Apart from this, the remediation strategies as mentioned earlier severely damaged microbial communities, destroyed organic matter, and altered micro- and macropores in the soil, which required additional cost of improvement to support plantation after HMs removal from contaminated soils.
6 Remediation of HMs Contaminated Soils with the Focus on Immobilization Techniques
The process of diminishing the solubilization, mobilization, and bioavailability of HMs in the soils with the assistance of different organic and inorganic additives reagents is known as “Immobilization” (Lwin et al. 2018; Peng et al. 2018; Nejad et al. 2018). Different amendments such as organic (biochar, compost, agricultural wastes), inorganic (phosphates, calcium, iron-based additives), and clay (zeolite, bentonite, etc.) are being used for the effective fixation of HMs in the soil. The working principle of immobilization is to fix and bind the HMs via different mechanisms such as adsorption, oxidation, precipitation, and reduction instead of removing them from the soil (Akcil et al. 2015; Peng et al. 2018). The role of amendments is to transform the mobile phase into a more stable form (Lwin et al. 2018). Usually, this happened due to the higher CEC values of stabilizing additives, which strongly bind HMs, thereby reducing their bioavailability (Akcil et al. 2015). Interestingly, the applications of organic substances as stabilizing additives not only reduce the bioavailability of HMs but also provide essential mineral nutrients in the soil, which improved plant growth as well as microorganism (Lwin et al. 2018). Additionally, it is hard to understand the suitable amendment with its right dose for an efficient immobilization. Hence, exploration of new amendments due to the viability of different raw materials, their continuous testing, and performance monitoring as additives increase the interest of researchers toward immobilization during modern ages (Chiang et al. 2012; Peng et al. 2018; Nejad et al. 2018).

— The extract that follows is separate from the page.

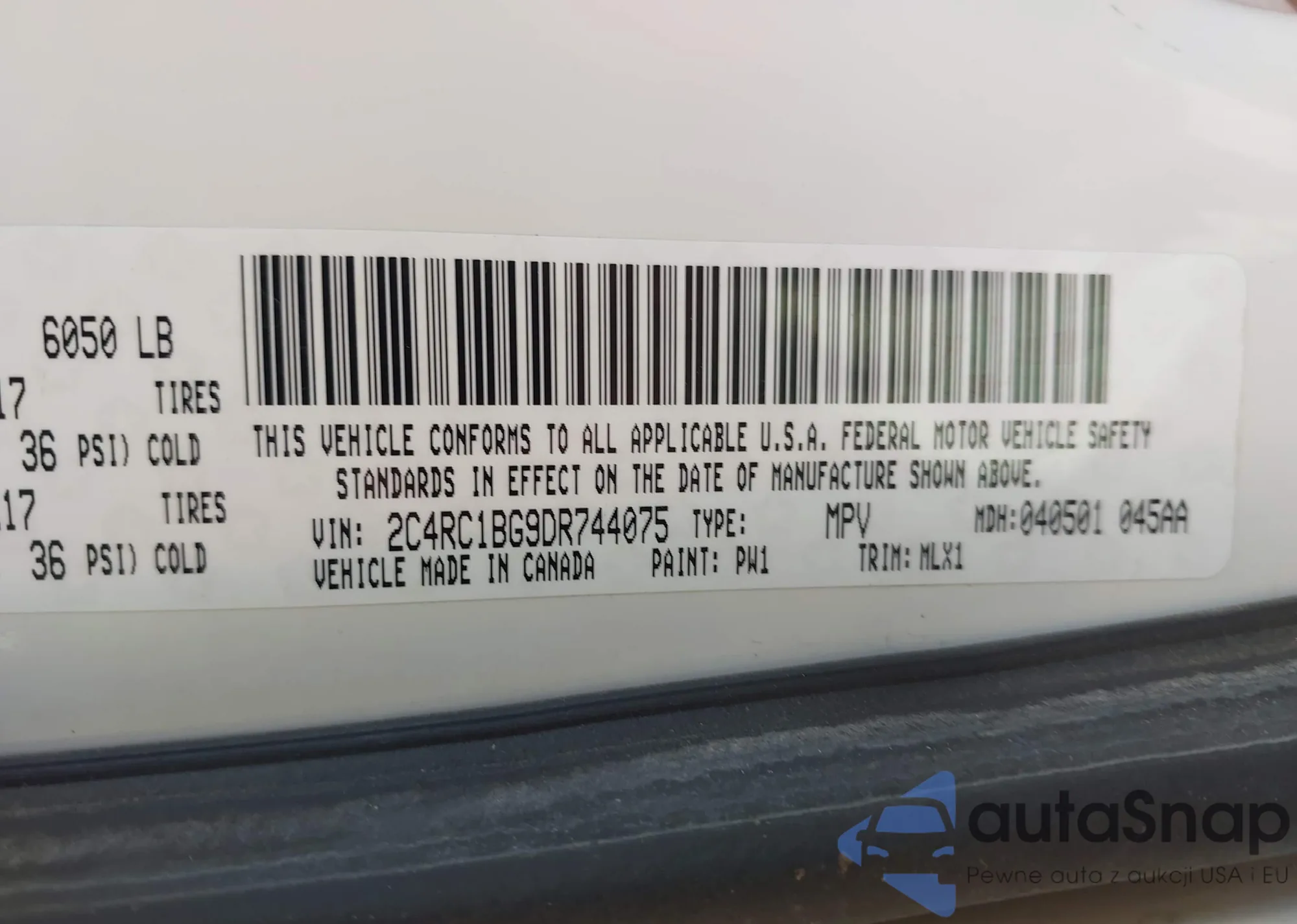 • VIN 2C4RC1BG9DR744075

6.1 Immobilization Through Organic Soil Additives
Several organic compounds varying in properties supremely immobilize certain HMs in the environment. Generally, it includes different kinds of manures, biosolids, wood ash, biochar, different composts, and wood chips (Sabir et al. 2013; Peng et al. 2018). Organic amendments significantly bind HMs with the assistance of numerous functional groups present in humic acids, which reduced the bioavailability of HMs to some extent (Lwin et al. 2018). Moreover, organic-based additives not only bind HMs but also nourish the soil. However, the only drawback in the addition of organic amendments is the risk of HMs remobilization due to the decomposition of organic matter (Lwin et al. 2018).
6.1.1 Biochar
The permeable and carbonaceous material formed after pyrolyzing the organic feedstocks like manures, plant-wood biomass, and sludges is termed as “Biochar” (Nejad et al. 2018; Lwin et al. 2018). Biochar has distinctive attributes, i.e., higher CEC values, large surface area, alkaline nature, higher sorption capacity with many functional groups, and presence of humic and fulvic substances (Lin et al. 2012; Lwin et al. 2018). Interestingly, biochar has positively influenced the soil properties via enhancing its microbial activity and carbon sequestration (Paz-Ferreiro and Fu 2014; Nejad et al. 2018; Lwin et al. 2018). The co-effect of biochar with chitosan in the soil irrigated with wastewater containing excessive HMs was also tested to save the quality of brinjal. The combined application of biochar and chitosan significantly reduces the bioavailability of numerous HMs in the soil and promote the safe production of brinjal (Turan et al. 2018).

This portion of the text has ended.